I'm missing something, because the alleged answer is

$$| \langle {\mathbf w} \rangle | = \frac{2 \pi R}{\tau^2} \approx 10 \frac{\text{cm}}{\text{s}^2}.$$

Thank you. :)

Hey Fantini! ;)

Let $\alpha$ be the angular acceleration, which is constant.
Let $\omega_0$ be the initial angular velocity.
And let $0 \le \theta \le \pi$.

Then:
$$| \langle {\mathbf w} \rangle |
= \left| \frac{\Delta \mathbf v}{\Delta t} \right|
= \left| \frac{\mathbf v(\pi) - \mathbf v(0)}{\tau} \right|
= \frac{|-R(\alpha\tau + \omega_0) + R\omega_0|}{\tau}
= R\alpha$$

Furthermore, we have:
$$\theta(\tau) = \frac 12 \alpha \tau^2 + \omega_0 \tau = \pi$$
$$\alpha = \frac{\pi - \omega_0\tau}{\frac 12 \tau^2}$$

So:
$$| \langle {\mathbf w} \rangle |
= R\frac{\pi - \omega_0\tau}{\frac 12 \tau^2}
=\frac{2\pi R}{\tau^2} - \frac{2\omega_0 R}{\tau}$$

Apparently your problem assumes that $\omega_0=0$.

 

[Fantini]

Hey ILS! :)

This is problem 1.19 from Irodov's Problems in General Physics, 1988. Is there any loss of generality by assuming $\omega_0 = 0$? It seems not, since the circular movement begins after $t=0$.

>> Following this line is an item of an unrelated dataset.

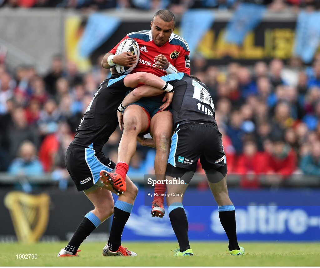 30 May 2015; Simon Zebo, Munster, is tackled by Finn Russell, left, and Tommy Seymour, Glasgow Warriors. Guinness PRO12 Final, Munster v Glasgow Warriors. Kingspan Stadium, Ravenhill Park, Belfast. Picture credit: Ramsey Cardy / SPORTSFILE

Thank you for your insightful input. ;)

 

[I like Serena]

Hey ILS! :)

This is problem 1.19 from Irodov's Problems in General Physics, 1988. Is there any loss of generality by assuming $\omega_0 = 0$? It seems not, since the circular movement begins after $t=0$.

Thank you for your insightful input. ;)

You are right that we can assume $t=0$ without loss of generality.
However, since $|\langle \mathbf w \rangle|$ changes with $\omega_0$, it seems to me that there is loss of generality. So I don't understand where this assumption is coming from.

 

[CellCoree]

I would first clarify that the problem states the point is moving with constant tangent acceleration. This means that the point is moving along the half circle at a constant speed, but its direction is constantly changing. This is different from constant normal acceleration, where the speed and direction of the point would be changing.

With this clarification, we can approach part (c) by considering the components of the acceleration vector. Since the point is moving along the half circle at a constant speed, the tangential component of the acceleration must be zero. This means that the entire acceleration vector is pointing towards the center of the circle, and its magnitude is equal to the normal component of the acceleration.

Using this information, we can calculate the modulus of the mean vector of the total acceleration:

$$| \langle {\mathbf w} \rangle | = \sqrt{({\mathbf w}_t)^2 + ({\mathbf w}_n)^2} = \sqrt{0^2 + ({\mathbf w}_n)^2} = |{\mathbf w}_n| = \frac{\langle v \rangle ^2}{R} = \frac{(\pi R)^2}{\tau^2} = \frac{2 \pi R}{\tau^2} \approx 10 \frac{\text{cm}}{\text{s}^2}.$$

This matches the given answer and confirms that the point is indeed moving with a constant normal acceleration of approximately 10 cm/s^2.